## Provided information

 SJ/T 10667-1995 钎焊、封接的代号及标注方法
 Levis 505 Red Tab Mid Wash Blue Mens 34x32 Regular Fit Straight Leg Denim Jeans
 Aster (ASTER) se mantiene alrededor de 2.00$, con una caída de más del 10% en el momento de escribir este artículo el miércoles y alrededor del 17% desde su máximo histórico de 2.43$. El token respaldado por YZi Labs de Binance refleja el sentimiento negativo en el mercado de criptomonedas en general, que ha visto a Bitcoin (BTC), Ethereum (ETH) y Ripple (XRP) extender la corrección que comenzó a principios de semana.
---
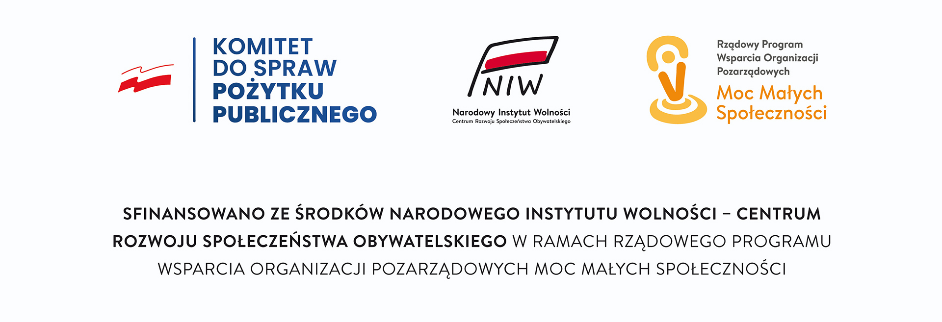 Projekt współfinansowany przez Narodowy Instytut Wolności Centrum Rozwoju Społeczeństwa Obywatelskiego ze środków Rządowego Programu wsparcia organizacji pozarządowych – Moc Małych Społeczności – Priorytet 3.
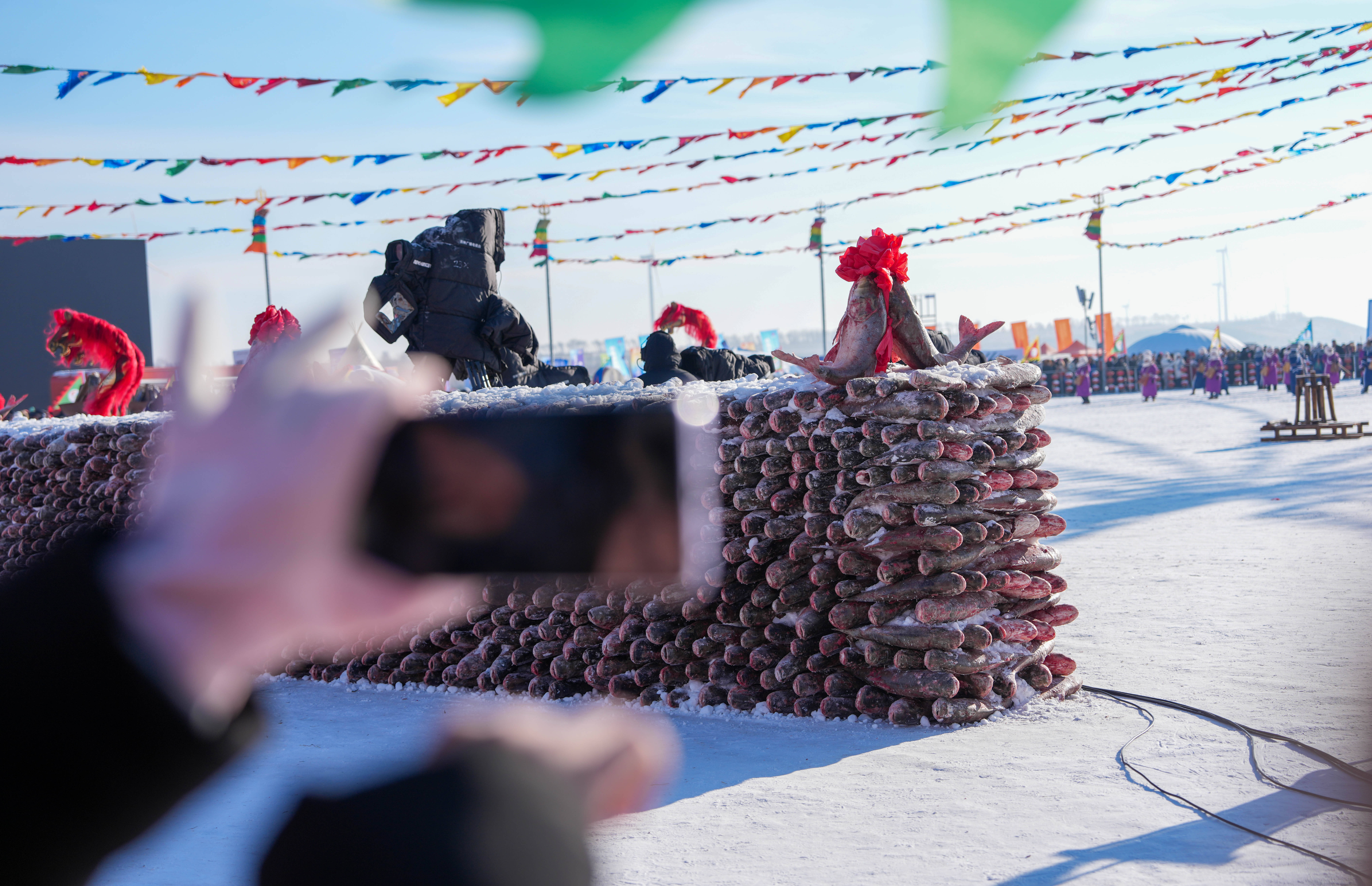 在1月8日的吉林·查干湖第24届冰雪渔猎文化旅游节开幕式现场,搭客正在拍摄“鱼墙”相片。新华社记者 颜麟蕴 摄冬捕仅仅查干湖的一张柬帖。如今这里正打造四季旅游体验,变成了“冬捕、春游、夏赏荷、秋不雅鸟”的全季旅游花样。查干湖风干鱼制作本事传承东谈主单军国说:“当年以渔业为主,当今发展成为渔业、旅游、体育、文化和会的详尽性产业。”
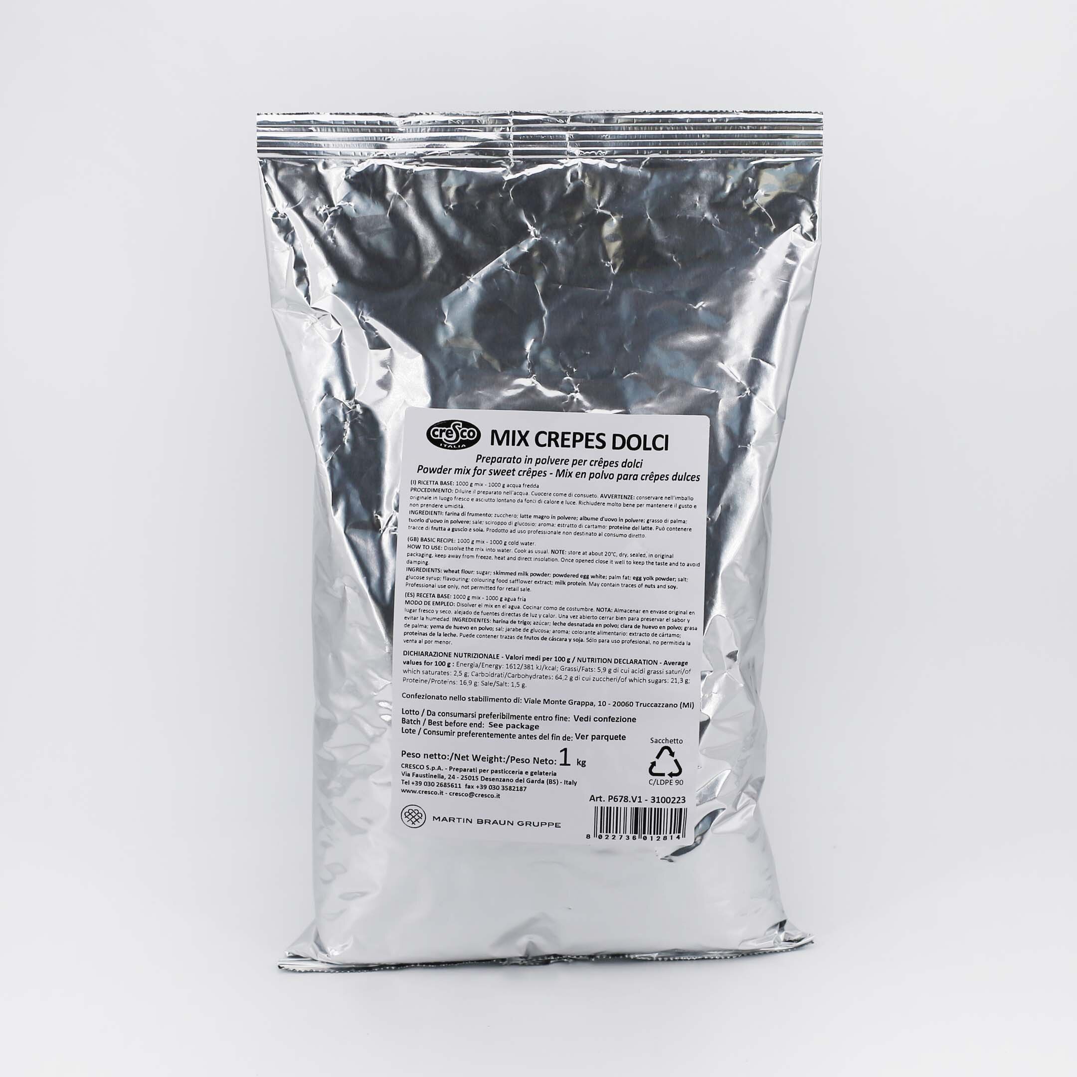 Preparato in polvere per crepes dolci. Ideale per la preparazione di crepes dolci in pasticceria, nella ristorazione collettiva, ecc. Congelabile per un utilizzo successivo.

## Work to be completed
Work from the entries above. Set down exactly and only the lines from the line with "Projekt współfinansowany przez" to the line with "Preparato in polvere", both included, and leave the pictures out.

## Reply
 Projekt współfinansowany przez Narodowy Instytut Wolności Centrum Rozwoju Społeczeństwa Obywatelskiego ze środków Rządowego Programu wsparcia organizacji pozarządowych – Moc Małych Społeczności – Priorytet 3.
 在1月8日的吉林·查干湖第24届冰雪渔猎文化旅游节开幕式现场,搭客正在拍摄“鱼墙”相片。新华社记者 颜麟蕴 摄冬捕仅仅查干湖的一张柬帖。如今这里正打造四季旅游体验,变成了“冬捕、春游、夏赏荷、秋不雅鸟”的全季旅游花样。查干湖风干鱼制作本事传承东谈主单军国说:“当年以渔业为主,当今发展成为渔业、旅游、体育、文化和会的详尽性产业。”
 Preparato in polvere per crepes dolci. Ideale per la preparazione di crepes dolci in pasticceria, nella ristorazione collettiva, ecc. Congelabile per un utilizzo successivo.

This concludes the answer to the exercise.